Friday 17 April 2015

China Futures Tumble on Trust Curbs, Expansion of Short Selling

Photographer: Qilai Shen/Bloomberg
by Kyoungwha Kim | 3:09 PM GST | April 17, 2015

Chinese stock-index futures tumbled after regulators clamped down on the use of shadow financing for equity purchases and increased the supply of shares available for short sellers.

FTSE China A50 Index futures for April delivery tumbled 5.2 percent in Singapore at 7:43 p.m. local time, while contracts on the Hang Seng China Enterprises Index lost 3.9 percent. Regulators banned the margin-trading businesses of brokerages from using so-called umbrella trusts and allowed fund managers to lend shares to short sellers, statements on Friday showed.

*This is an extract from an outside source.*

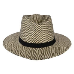 The Carolina Straw Packable Fedora Hat in black-natural is made of 100% paper straw. This packable summer hat is unlined for additional breathability. The cotton sweatband comes with an adjustable hook and loop strap for a perfect fit. The grosgrain hat band is finished with a Brixton badge sewn on the side.
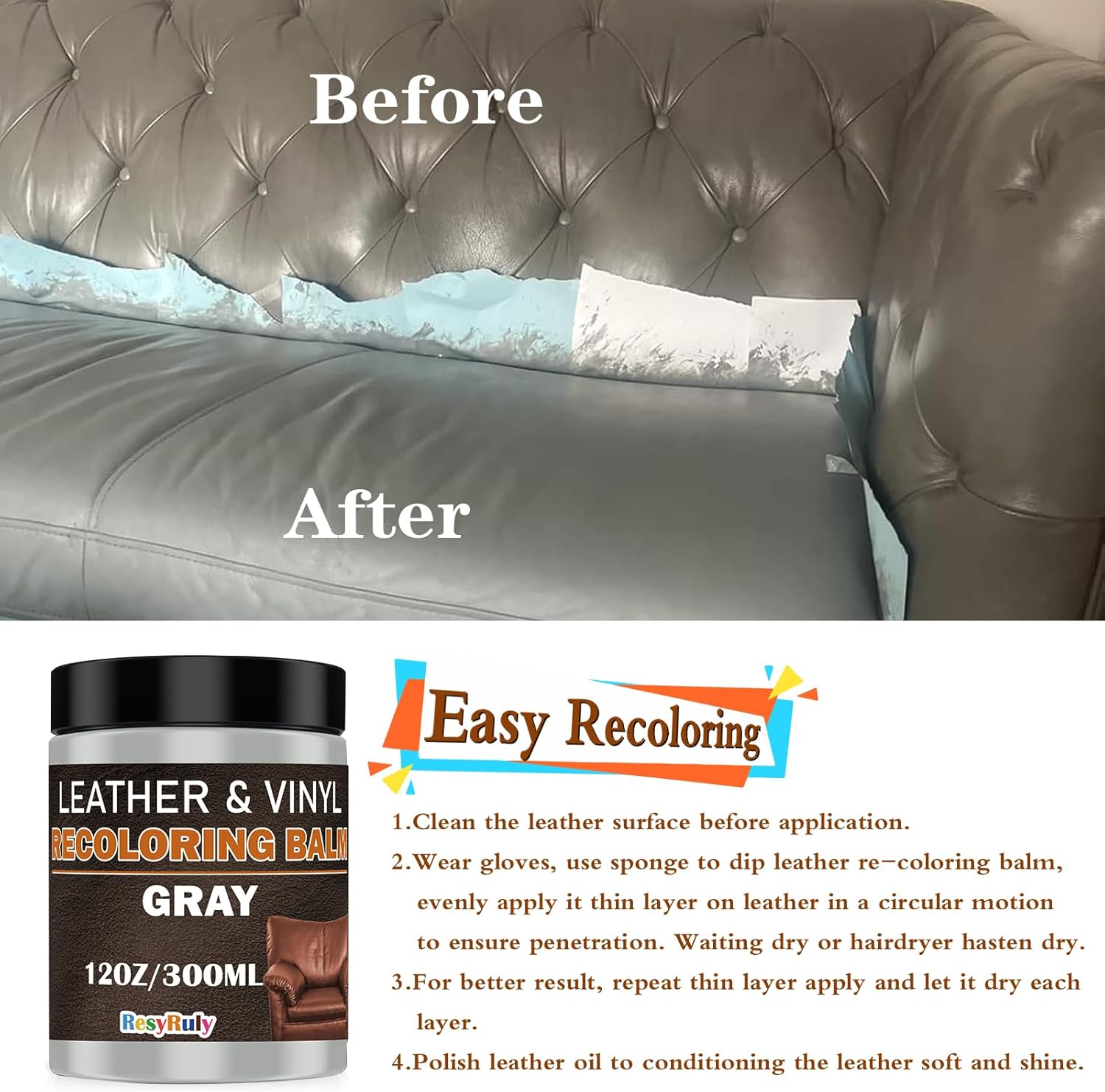 - Easy Application & Quick Drying: Gray leather recoloring balm effortlessly restore your leather and vinyl items with a simple application. Gray leather dye dries quickly, saving you time, ensuring a smooth and professional finish

Investors have used umbrella trusts, which allow for more leverage than brokerage financing, to ramp up wagers on Chinese stocks after monetary stimulus sparked a world-beating rally in the nation's benchmark equity gauge. Permitting mutual funds to lend their holdings to short sellers would make it easier for bearish traders to bet on a retreat after the Shanghai Composite Index closed at a seven-year high on Friday.


“The surge recently has been a little too fast for the regulator’s comfort,” said Hao Hong, the chief China strategist at Bocom International Holdings Co. in Hong Kong. “The market should consolidate, as it is overbought and part of the market is overvalued.”

The Shanghai Composite, which more than doubled in the past 12 months, trades for 21.1 times reported earnings, the highest since April 2010 and more than double last year’s low, according to data compiled by Bloomberg. The MSCI Emerging Markets Index is valued at 13.7 times.
Trust Investments

China’s trusts boosted their investments in equities by 28 percent to 552 billion yuan ($89.1 billion) in the fourth quarter. The higher leverage allowed by the products exposes individuals to larger losses in the event of stock-market drops, which can be exaggerated as investors scramble to repay debt during a selloff.

In umbrella trusts, private investors take up the junior tranche, while cash from trusts and banks’ wealth-management products form the senior tranches. The latter receive fixed returns while the former take the rest, so private investors are effectively borrowing from trusts and banks.

Margin debt on the Shanghai Stock Exchange climbed to a record 1.16 trillion yuan on Thursday. In a margin trade, investors use their own money for just a portion of their stock purchase, borrowing the rest. The loans are backed by the investors’ equity holdings, meaning that they may be compelled to sell when prices fall to repay their debt.
Short Sellers

Allowing funds to lend their stock holdings will expand the pool of equities available to short sellers, who have relied primarily on brokerages to supply them with the stock needed to execute the bearish bets.

While short selling on the Shanghai bourse climbed more than threefold in the past nine months and reached a record 7.46 billion yuan last week, the amount still pales in comparison to China’s $7.3 trillion market capitalization. The CSRC said Friday it also expanded the number of stocks available for short selling to 1,100.

Chinese investors have been piling into the equity market after the central bank cut interest rates twice since November and authorities from the China Securities Regulatory Commission to central bank Governor Zhou Xiaochuan endorsed the flow of funds into equities. China is trying to control credit expansion while protecting an economy that expanded 7.4 percent last year, the least in 24 years.

Mainland traders have opened a record 10.8 million new stock accounts this year, more than the total number for all of 2012 and 2013 combined, data from China Securities Depository and Clearing Co. show.

“The regulator is trying to reduce leverage,” said Lu Wenjie, a Shanghai-based analyst at UBS Group AG. “There could be a pull back in the market.”